▸ **AVAILABLE DATA**:
......

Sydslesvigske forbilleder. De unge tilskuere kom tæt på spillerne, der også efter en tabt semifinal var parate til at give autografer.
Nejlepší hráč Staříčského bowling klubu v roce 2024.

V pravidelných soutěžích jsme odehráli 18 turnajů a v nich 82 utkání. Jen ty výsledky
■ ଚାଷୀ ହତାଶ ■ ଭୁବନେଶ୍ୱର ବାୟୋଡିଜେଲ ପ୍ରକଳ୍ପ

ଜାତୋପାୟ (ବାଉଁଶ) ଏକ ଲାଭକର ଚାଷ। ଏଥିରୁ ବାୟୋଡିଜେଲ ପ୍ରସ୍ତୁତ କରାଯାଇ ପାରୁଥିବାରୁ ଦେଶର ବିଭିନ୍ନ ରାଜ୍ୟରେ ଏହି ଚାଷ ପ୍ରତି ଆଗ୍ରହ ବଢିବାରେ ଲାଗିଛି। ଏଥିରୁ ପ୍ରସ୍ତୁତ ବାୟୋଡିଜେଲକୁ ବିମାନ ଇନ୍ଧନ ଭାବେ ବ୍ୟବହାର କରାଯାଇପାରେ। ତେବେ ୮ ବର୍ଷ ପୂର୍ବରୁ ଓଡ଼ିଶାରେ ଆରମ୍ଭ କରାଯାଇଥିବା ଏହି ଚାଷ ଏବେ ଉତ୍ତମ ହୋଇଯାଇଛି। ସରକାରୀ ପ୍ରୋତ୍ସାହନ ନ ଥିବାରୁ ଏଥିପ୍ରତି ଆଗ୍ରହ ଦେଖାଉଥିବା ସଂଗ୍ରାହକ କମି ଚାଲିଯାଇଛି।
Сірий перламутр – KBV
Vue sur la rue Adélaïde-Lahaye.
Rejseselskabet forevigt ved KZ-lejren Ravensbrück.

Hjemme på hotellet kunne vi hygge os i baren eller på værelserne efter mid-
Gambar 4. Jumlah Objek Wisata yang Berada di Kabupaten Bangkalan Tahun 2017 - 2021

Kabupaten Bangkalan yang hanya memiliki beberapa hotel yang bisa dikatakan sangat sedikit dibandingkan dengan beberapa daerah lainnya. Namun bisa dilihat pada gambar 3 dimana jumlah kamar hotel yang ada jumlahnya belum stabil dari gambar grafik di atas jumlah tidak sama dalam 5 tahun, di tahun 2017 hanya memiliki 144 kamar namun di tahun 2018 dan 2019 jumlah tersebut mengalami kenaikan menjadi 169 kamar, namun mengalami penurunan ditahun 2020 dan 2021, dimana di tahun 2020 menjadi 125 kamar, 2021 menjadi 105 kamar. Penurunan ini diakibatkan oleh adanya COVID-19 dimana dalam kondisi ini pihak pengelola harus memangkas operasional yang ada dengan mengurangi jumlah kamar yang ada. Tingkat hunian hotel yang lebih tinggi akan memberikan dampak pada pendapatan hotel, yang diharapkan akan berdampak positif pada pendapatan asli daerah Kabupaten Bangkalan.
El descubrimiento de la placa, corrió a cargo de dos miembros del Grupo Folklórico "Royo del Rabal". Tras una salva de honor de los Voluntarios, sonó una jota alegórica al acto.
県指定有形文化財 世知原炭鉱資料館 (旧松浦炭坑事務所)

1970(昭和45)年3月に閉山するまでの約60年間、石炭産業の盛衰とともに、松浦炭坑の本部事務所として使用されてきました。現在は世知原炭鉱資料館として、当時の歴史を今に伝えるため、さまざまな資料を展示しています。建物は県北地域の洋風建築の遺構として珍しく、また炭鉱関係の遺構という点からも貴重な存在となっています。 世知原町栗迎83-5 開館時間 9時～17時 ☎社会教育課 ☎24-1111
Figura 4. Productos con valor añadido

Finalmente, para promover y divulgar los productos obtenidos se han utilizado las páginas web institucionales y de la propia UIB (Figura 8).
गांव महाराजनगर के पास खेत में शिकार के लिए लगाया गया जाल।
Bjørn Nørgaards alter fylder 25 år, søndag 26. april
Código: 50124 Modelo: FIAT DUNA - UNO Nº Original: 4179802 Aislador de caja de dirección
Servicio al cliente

......

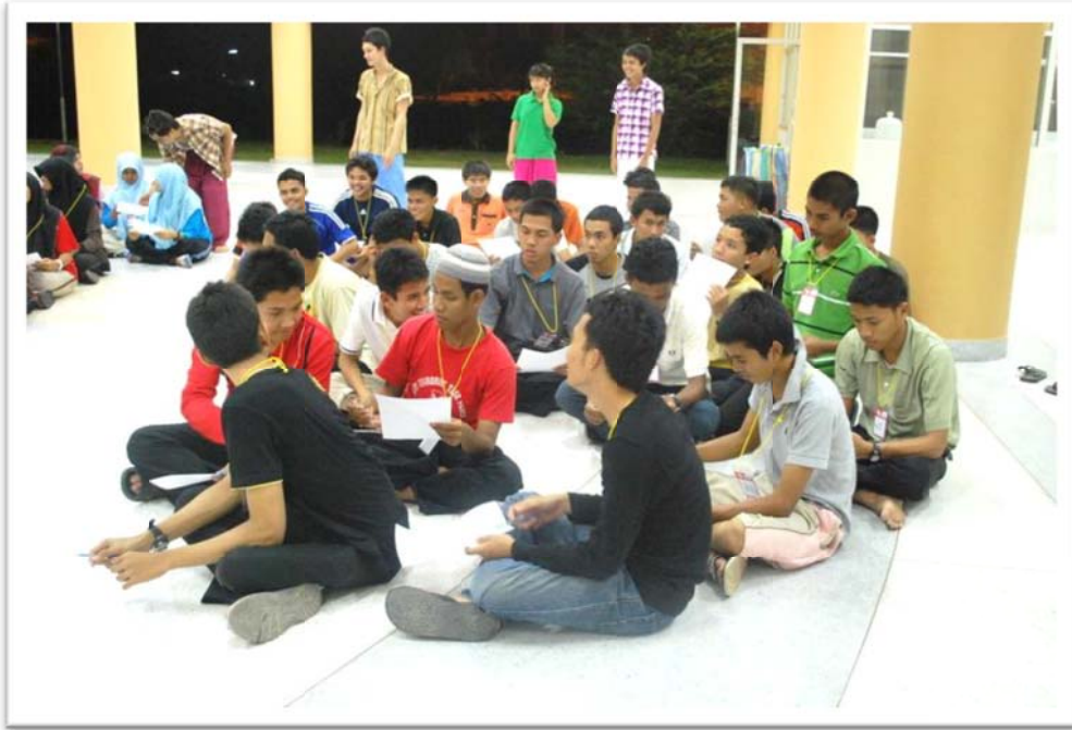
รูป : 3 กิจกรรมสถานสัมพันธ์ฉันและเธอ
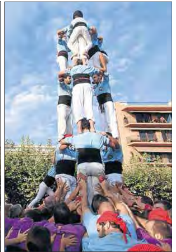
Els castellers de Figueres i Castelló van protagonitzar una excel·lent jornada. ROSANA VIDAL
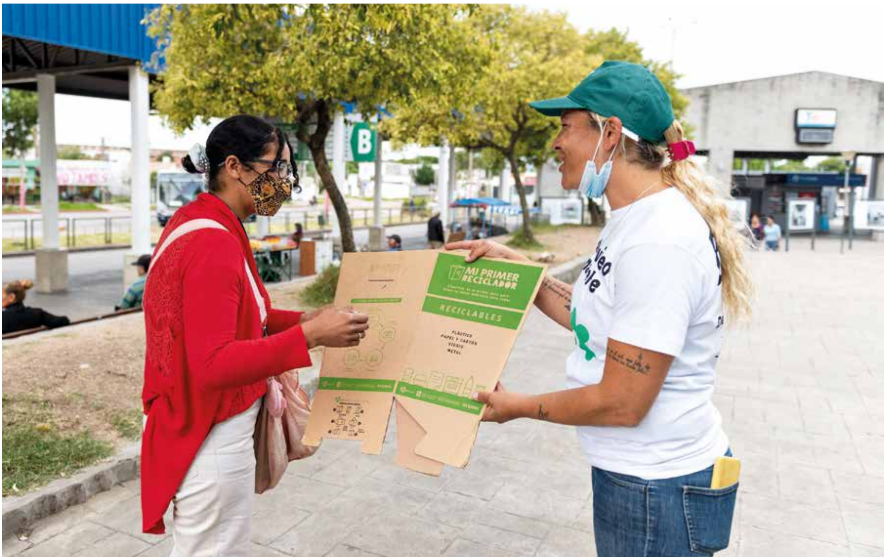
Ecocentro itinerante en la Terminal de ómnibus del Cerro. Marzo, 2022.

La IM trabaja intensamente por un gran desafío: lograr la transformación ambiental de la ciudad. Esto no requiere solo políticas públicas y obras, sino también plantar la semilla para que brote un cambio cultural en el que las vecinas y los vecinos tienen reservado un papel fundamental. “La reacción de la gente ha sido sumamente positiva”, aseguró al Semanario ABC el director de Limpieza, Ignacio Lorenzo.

......

▸ **YOUR GOAL**:
Every line of the listing that holds the word "efter" should be counted. Please give that number only.

▸ **RESULT OF THIS TASK**:
2